Whether you are a part of an organization orhave a small business of your own, you are sure to come across the words ‘effective’ and ‘efficient’. Although the two words refer to progress toward a goal, there is a clear distinction. While effectiveness refers to doing the right things the way you are supposed to, efficiency refers to doing the right things the best way. Not all organizations that are effective are efficient, and vice-versa. This timesheet software article talks about the differences between the two and how your company can benefit from being effective as well as efficient.

Being Effective

Effectiveness usually refers to how useful something is and how much can be attributed to its contribution.
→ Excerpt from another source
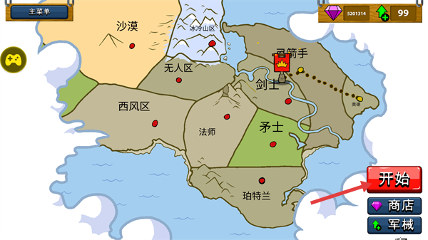 1、在地圖界面選擇【弓箭手】區(qū)域,點(diǎn)擊【開始】進(jìn)入關(guān)卡,可借助【商店】【軍械】準(zhǔn)備資源。

It is not a time-oriented, process-oriented, or effort-oriented measurement of input. As long as the goal of the company is achieved, you can say that it is an effective one. Each organization is responsible for creating a formula to measure how effective they are and can use it to measure anything they think contributes to productivity. Their formula can be used to calculate the relationship between profits and employee performance and much more. Measuring effectiveness is especially helpful to small businesses looking to curb loss; you can see where you can better processes and what resources can be put to better use.

Efficiency Of Resources

How efficient a company is can be denoted by how well it uses its resources. Efficiency involves more effort when working toward a goal. It is more of a time and process-oriented strategy that focuses on how you can achieve results using minimum input. So basically, it is figuring out how to maximize performance while putting in the least amount of effort and money.

Comparing The Two

The most fundamental difference that can be used to tell these two words apart is that effectiveness is a measuring tool that can be used to calculate almost anything. Efficiency exclusively considers financial elements. Effectiveness needs mathematical values to achieve results; efficiency looks at the relationships between expenses, equity, capital, and balance sheets of the organization.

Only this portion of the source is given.